Post Incident Report (2018-5-8)

Summary

Vivi undertook an upgrade of its AWS infrastructure on the evening of Monday 7th May at 1800 AEST both to increase capacity and keep up with the demands for Vivi’s services and to upgrade the version of the software frameworks that the Vivi admin portal is built on to ensure that they remained under support as the current version in use was due to be deprecated.  While internal testing showed the upgrade to be successful we encountered an incident at 0840 AEST when customer load started to hit the systems which was partially resolved at 1007 and completely resolved by 1209, following the resolution there was a further short intermittent outage at 1404 AEST when a database server had to be restarted.  The incident caused intermittent access to the admin portal and customers with particular LDAP configurations not being able to authenticate. 
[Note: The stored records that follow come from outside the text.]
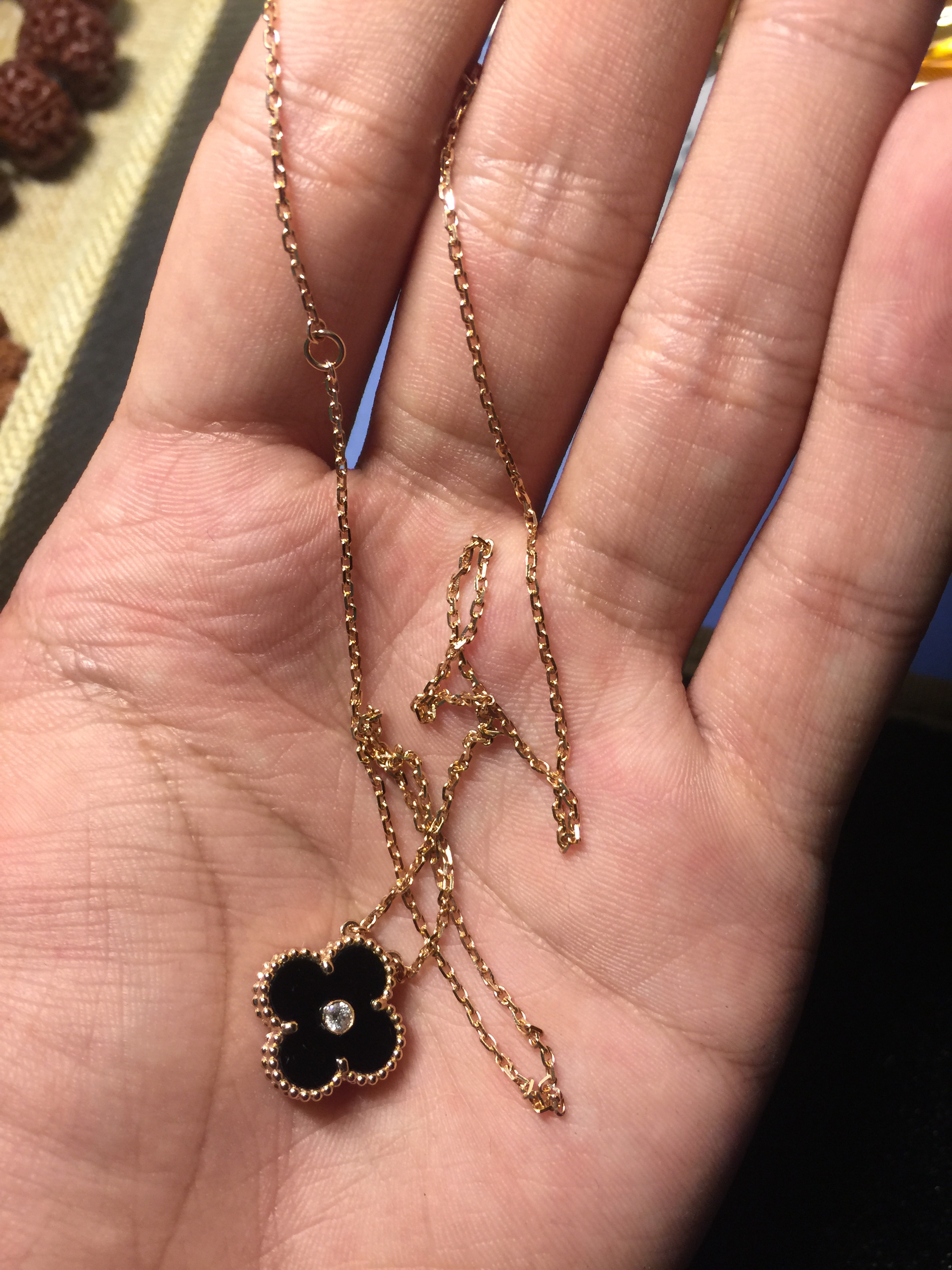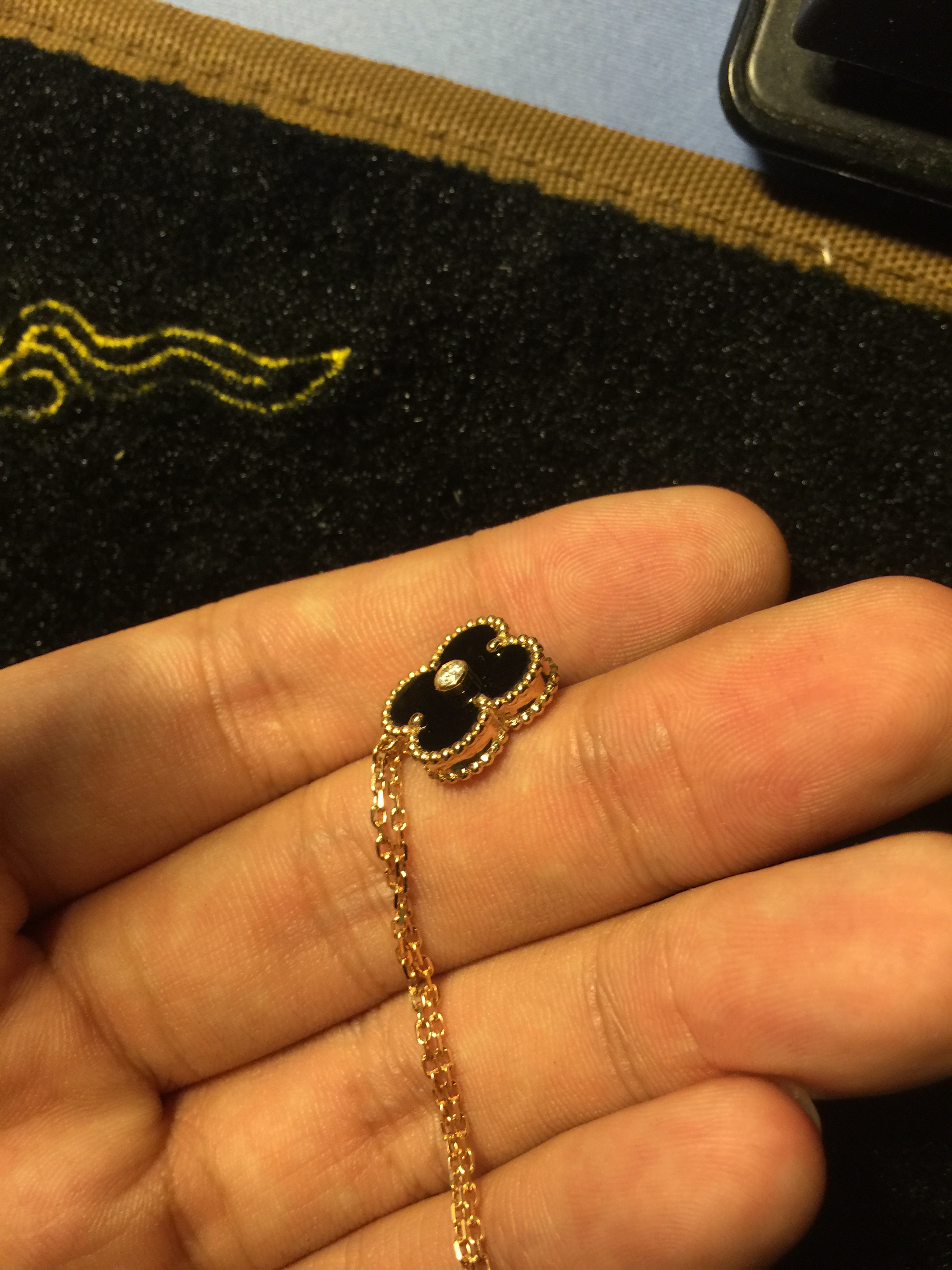 专柜的扣链方法,但是应该不是专柜货,因为专柜的字印不一样,而且专柜的石头镶嵌的没这么好的!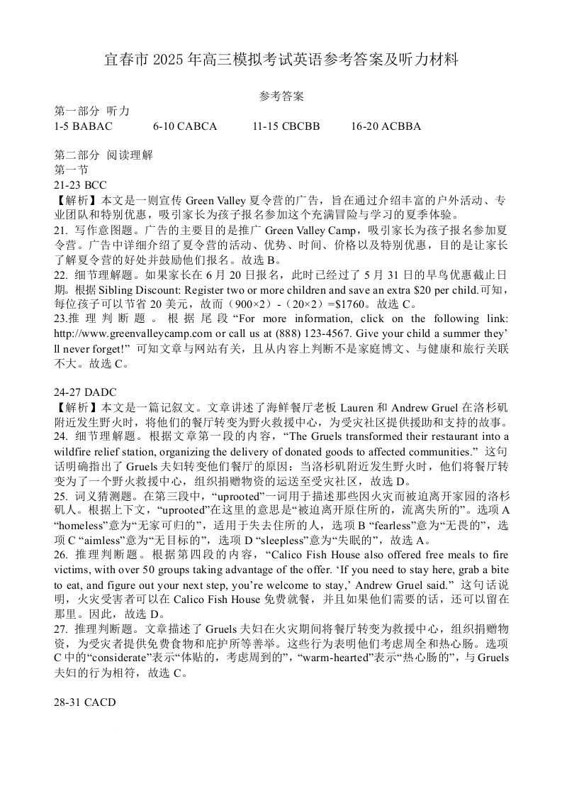 江西省宜春市2025届高三下学期4月模拟考试(宜春二模)英语答案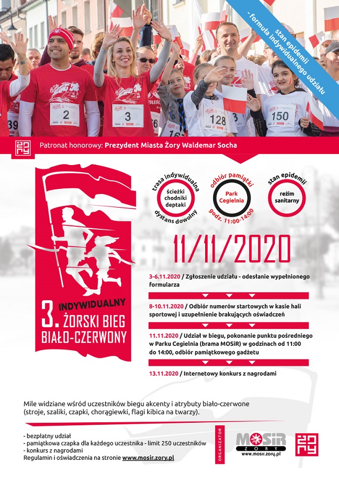 MOSiR Żory odwołuje 3. Indywidualny Bieg Biało-Czerwony zaplanowany na 11 listopada 2020 roku.

In summary there were three underlying root causes: 

  • A database became overloaded causing intermittent issues with the admin portal, this would have affected all customers causing issues with login attempts to both the admin portal and the client and therefore affecting screen sharing for users that weren’t already logged in. 
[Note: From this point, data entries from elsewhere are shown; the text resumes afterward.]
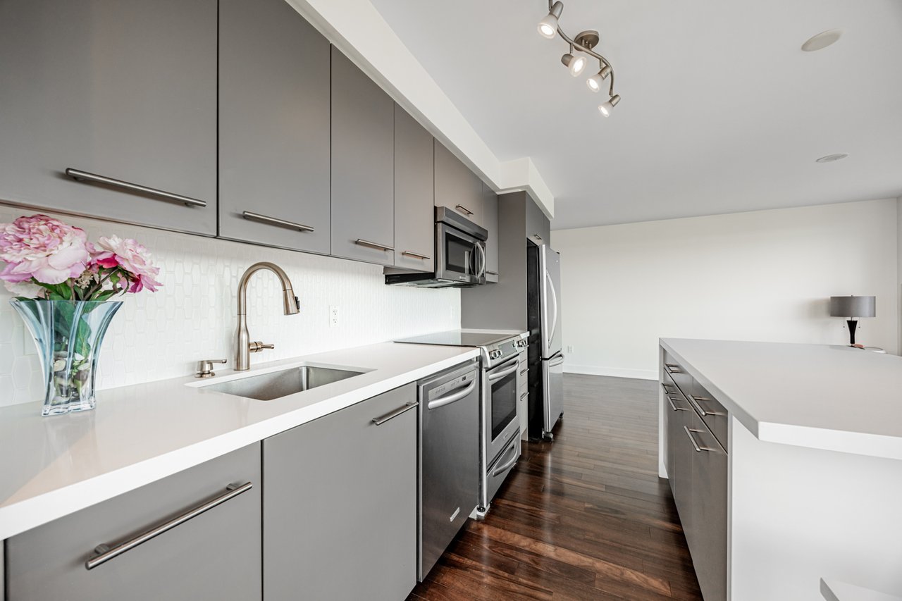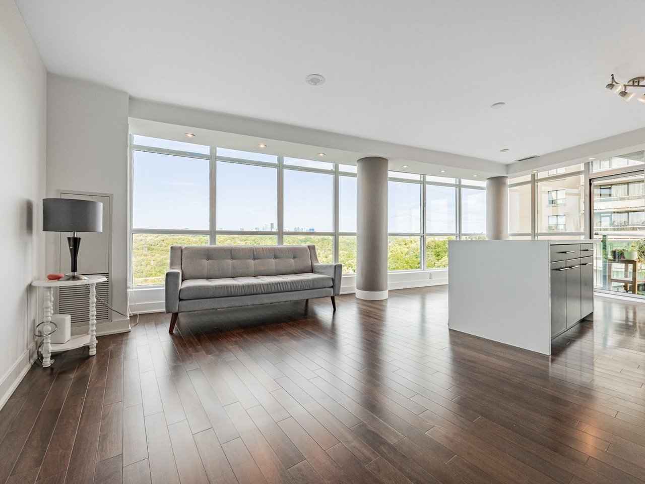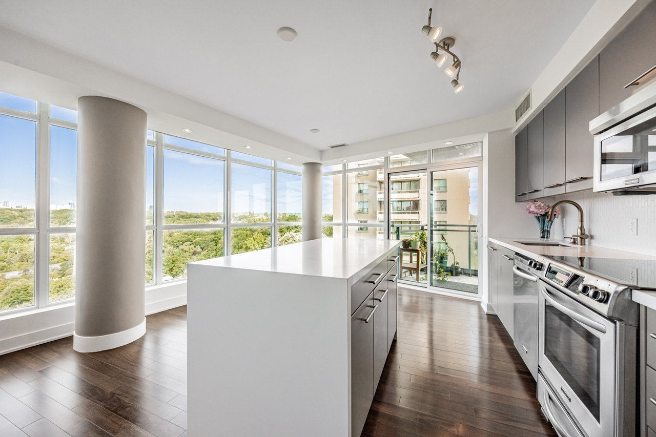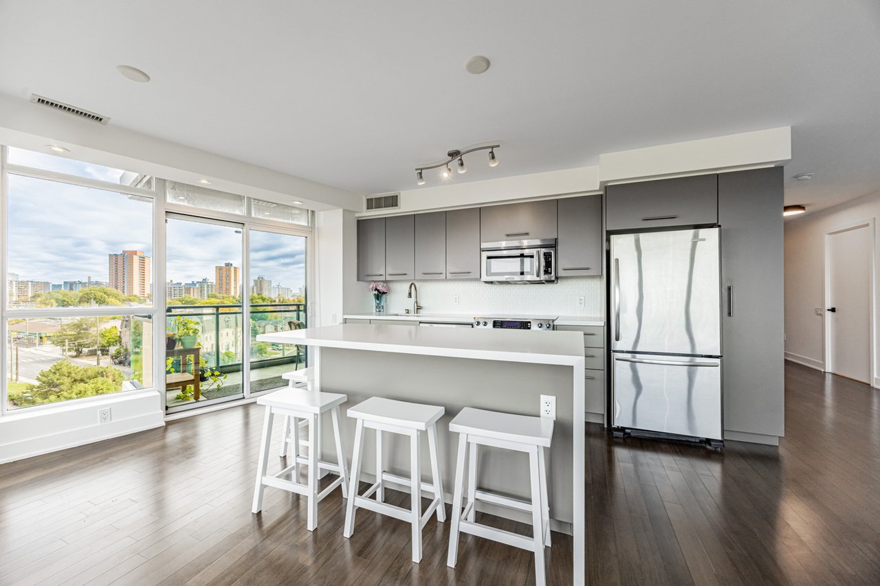 Welcome to Minto Skyy! This beautifully updated 2-bedroom condo offers breathtaking, unobstructed west-facing views of the ravine and city skyline. Enjoy golden hour sunsets from the comfort of your living room or private balcony truly a rare find! This condo boasts an updated kitchen with refreshed finishes and modern touches, seamlessly flowing into the open-concept living and dining area. The layout is ideal for relaxing or entertaining, with large windows bringing in tons of natural light. Both bedrooms are well-sized with ample closet space. The primary bedroom also has an ensuite 3-piece washroom. Minto Skyy offers a beautiful gym, sauna, party room, concierge and bike storage. Set in a desirable location close to parks, trails, Brickworks, TTC, grocery stores, and all your daily essentials. Locker and one underground parking spot included.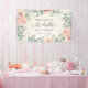 Fête d'anniversaire élégante bannière de bienvenue pour les femmes. Décoré avec de belles fleurs d'aquarelle rose vif et des feuilles verts sauge sur un arrière - plan magique de losange doré glittery. Personnalisée avec le nom de l'invitée d'honneur et sa date de fête. Contactez-moi pour obtenir de l'aide sur la personnalisation ou pour demander l'appariement ou la coordination des produits Zazzle pour votre parti.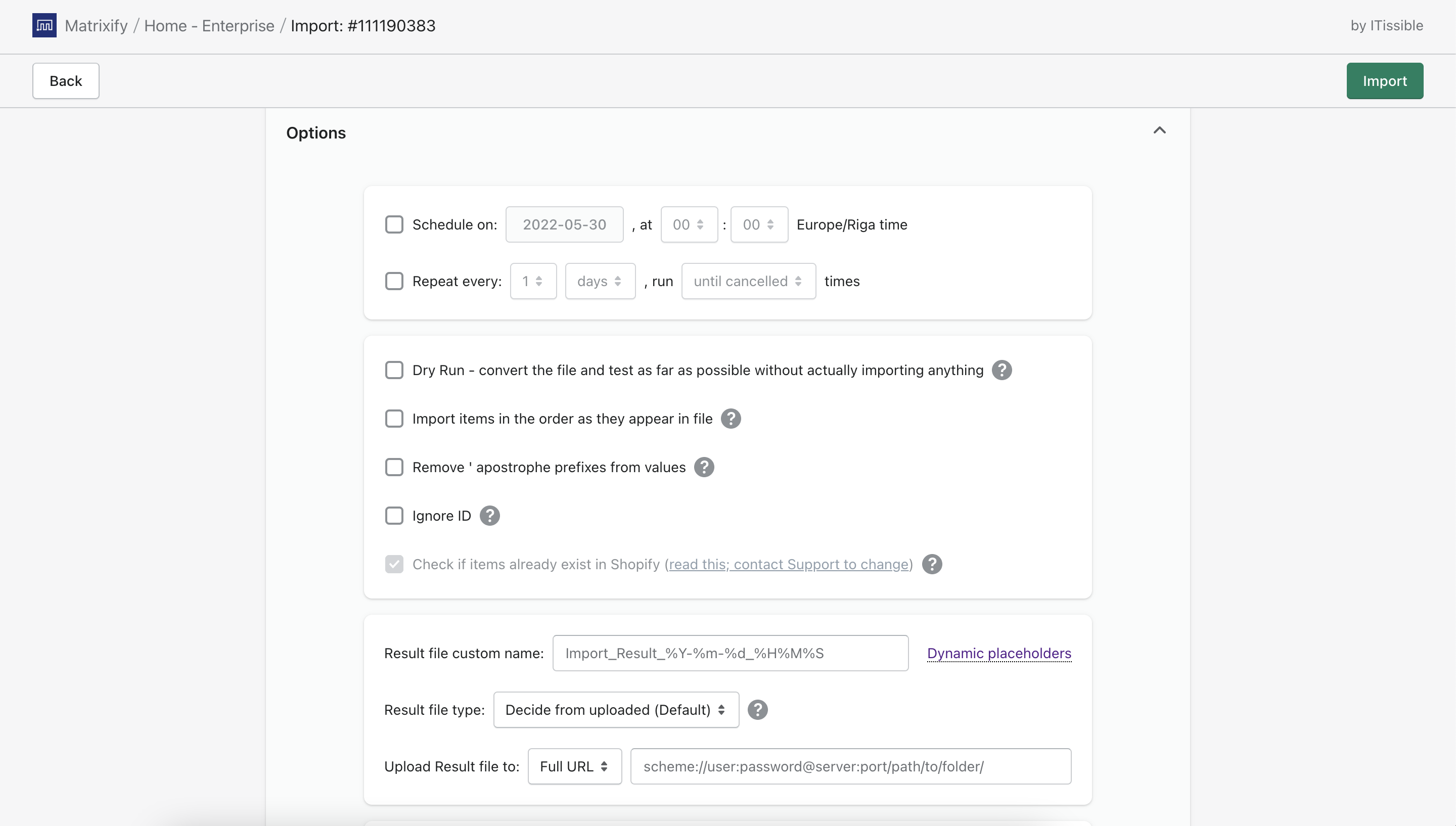 With regular imports, you do not usually need to edit anything within the “Options” as default selections should work fine for usual Product import.

  • An incompatibility between our LDAP authentication library and the new version of the software framework we had upgraded to that only occurred within a specific code path.  This would have affected up to 54 customers using LDAPS causing logins to the client to fail and therefore affecting screen sharing for users that weren’t already logged in.
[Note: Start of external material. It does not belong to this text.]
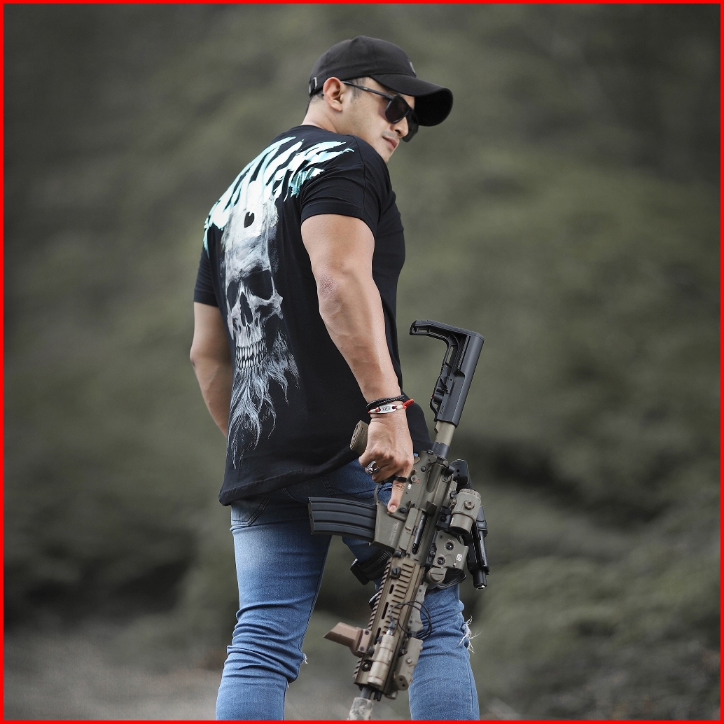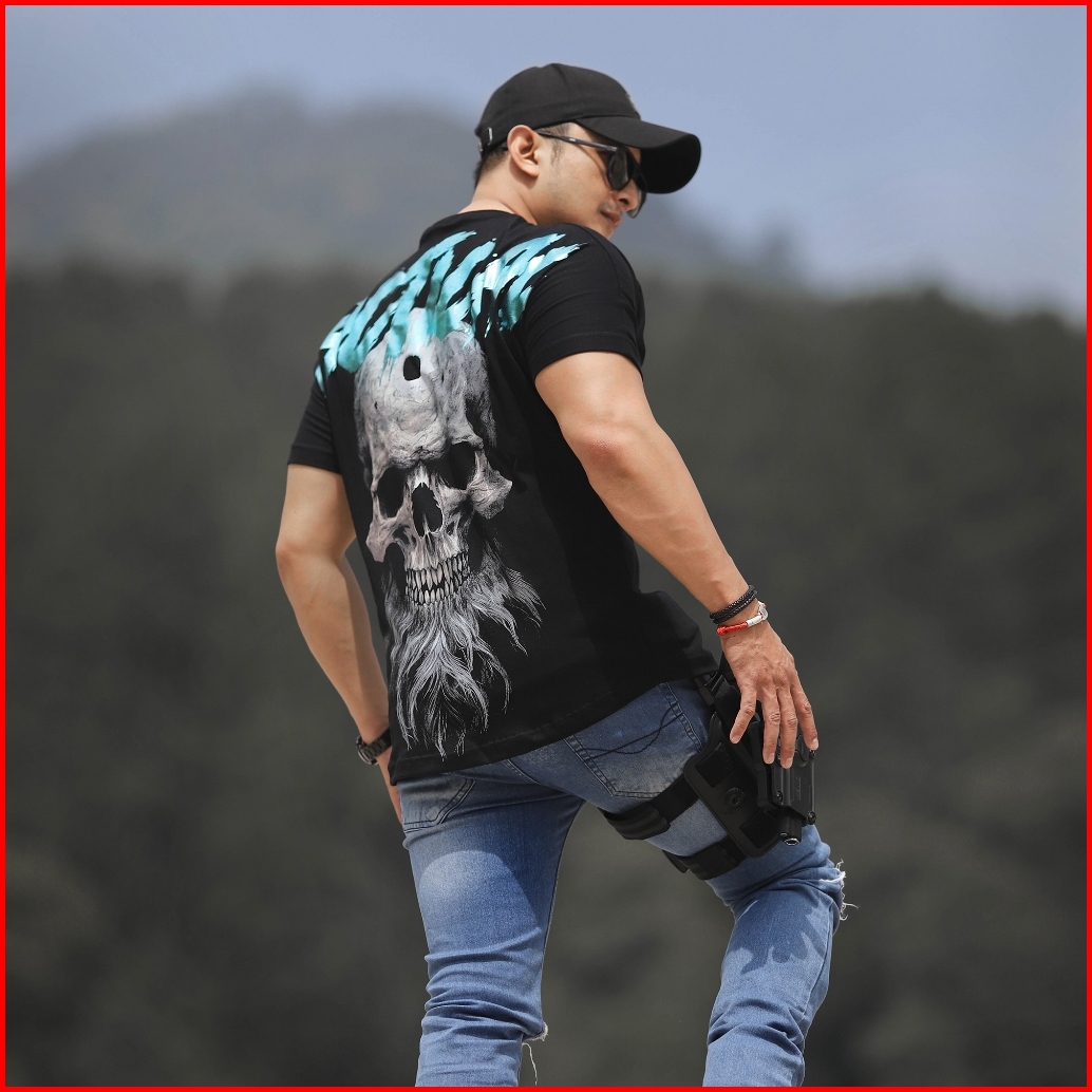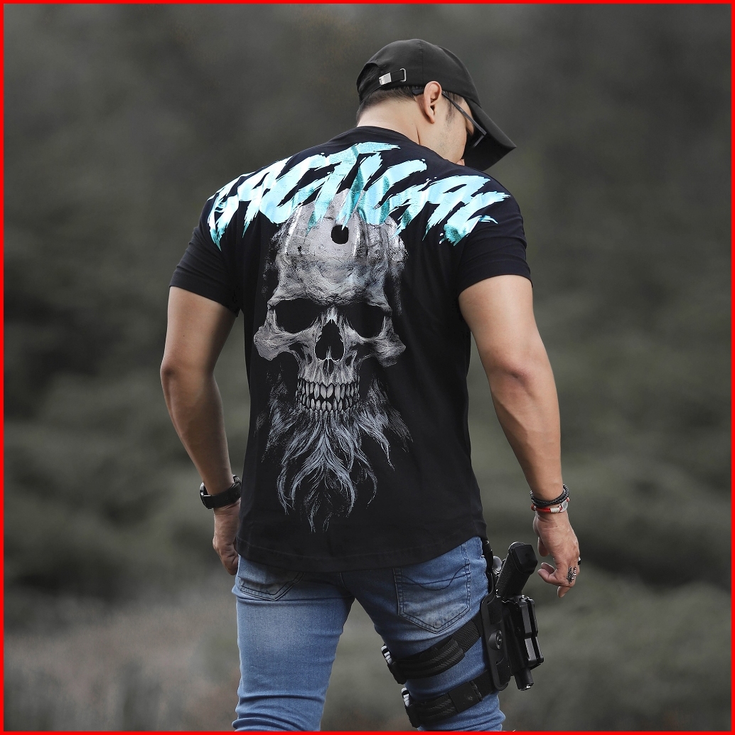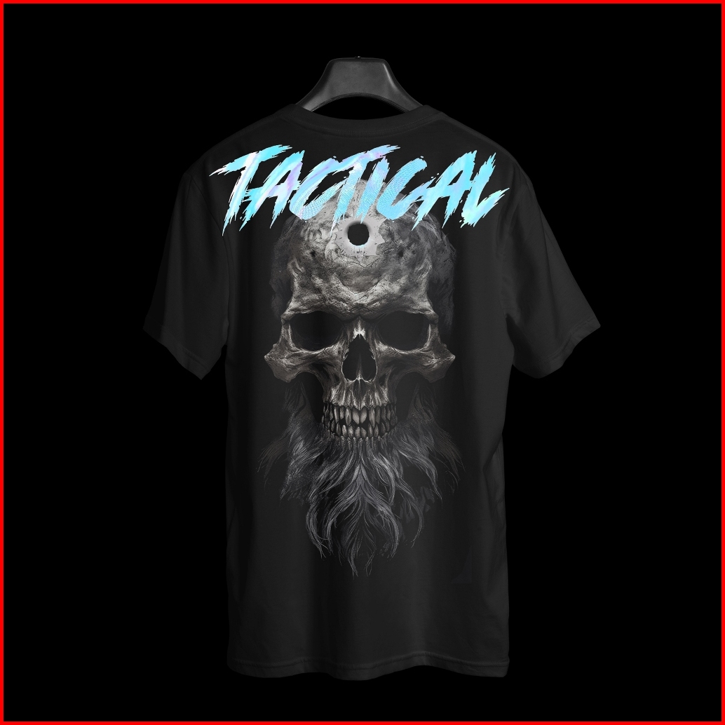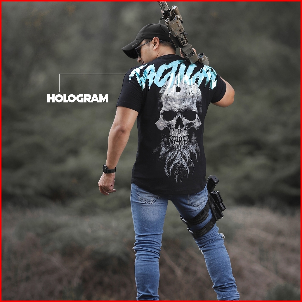 Kaosbos.id - Kaos Distro Tactical Hitam Tengkorak Hologram

  • A database server required an unplanned restart.  This would have affected all customers causing issues with login attempts to both the admin portal and the client and therefore affecting screen sharing for users that weren’t already logged in. 

Timeline

 

  • 0927 AEST First support call was received with regards to LDAP authentication  

  • 0928 AEST Our monitoring system alerted us that 500 errors were being returned from our load balancer

  • 0937 AEST After initial trouble shooting support team handed incident over to engineering team

  • 0940 AEST Engineering team ascertained that load had been rising gradually on the database since 0840 and it was now at maximum

  • 0951 AEST Engineering team identified the cause of the abnormal load and took measures to stop it

  • 1000 AEST Engineering team restarted the database server to clear the queue

  • 1005 AEST Database load returned to normal

  • 1007 AEST 500 errors from the load balancer ceased and the issue with the admin portal and client logins was resolved

  • 1010 AEST Customers still reporting issues with LDAP authentication

  • 1023 AEST Engineering team identified that there was an incompatibility between our LDAP authentication and the new version of the software framework that was deployed that only occurred within a specific code path related to certain configurations

  • 1151 AEST Engineering team identified the cause of the incompatibility

  • 1200 AEST Engineering team implemented and started testing fix

  • 1209 AEST Engineering team deployed fix and LDAP issue was resolved

  • 1320 AEST During the post incident analysis the engineering team discovered that the abnormal database load had had an adverse effect on the database server and performance was degrading

  • 1340 AEST The engineering team concluded that the degradation of the performance of the database server would continue until it was restarted  

  • 1404 AEST The engineering team made the decision to restart the database to restore the performance as it was starting to cause intermittent issues

  • 1412 AEST The database restarted and performance was returned to normal  

Root Cause

The abnormal load on the database server was caused by an increased number of connections and a doubling up of scheduled jobs, ironically caused by the by the old servers that had been retired which had been left on hot standby in case we encountered any issues with the new servers and enable us to fail back quickly.

A specific LDAP configuration caused a code path to be executed that was not in our test plans and therefore the bug was not identified in testing.

A database server required a unplanned restart due to the abnormal load that it was placed under during the initial incident.

Resolution and Recovery

 

  • 0954 AEST The old application servers isolated from network

  • 1000 AEST The database server restarted

  • 1007 AEST Issues with the admin portal confirmed as resolved

  • 1151 AEST Engineering team isolated issue to the net-ldap library and configuration affecting LDAPS

  • 1200 AEST Engineering team identified configuration changes required to resolve issue

  • 1209 AEST Engineering team deployed fix and issues with LDAP authentication was resolved.

  • 1340 AEST The engineering team concluded that the database server needed to be restarted and configuration modified

  • 1404 AEST The database server was restarted

  • 1412 AEST The intermittent issues were resolved

Corrective and Preventative Measures

  • Increased monitoring added to the database server to ensure earlier notification of potential issues

  • Upgrade and migration procedure updated with learnings to ensure that there is not a repeat occurrence

  • Problematic LDAP configuration added to test plans to ensure that all code paths are tested

  • Increase test automation suite coverage

  • Review risk assessment process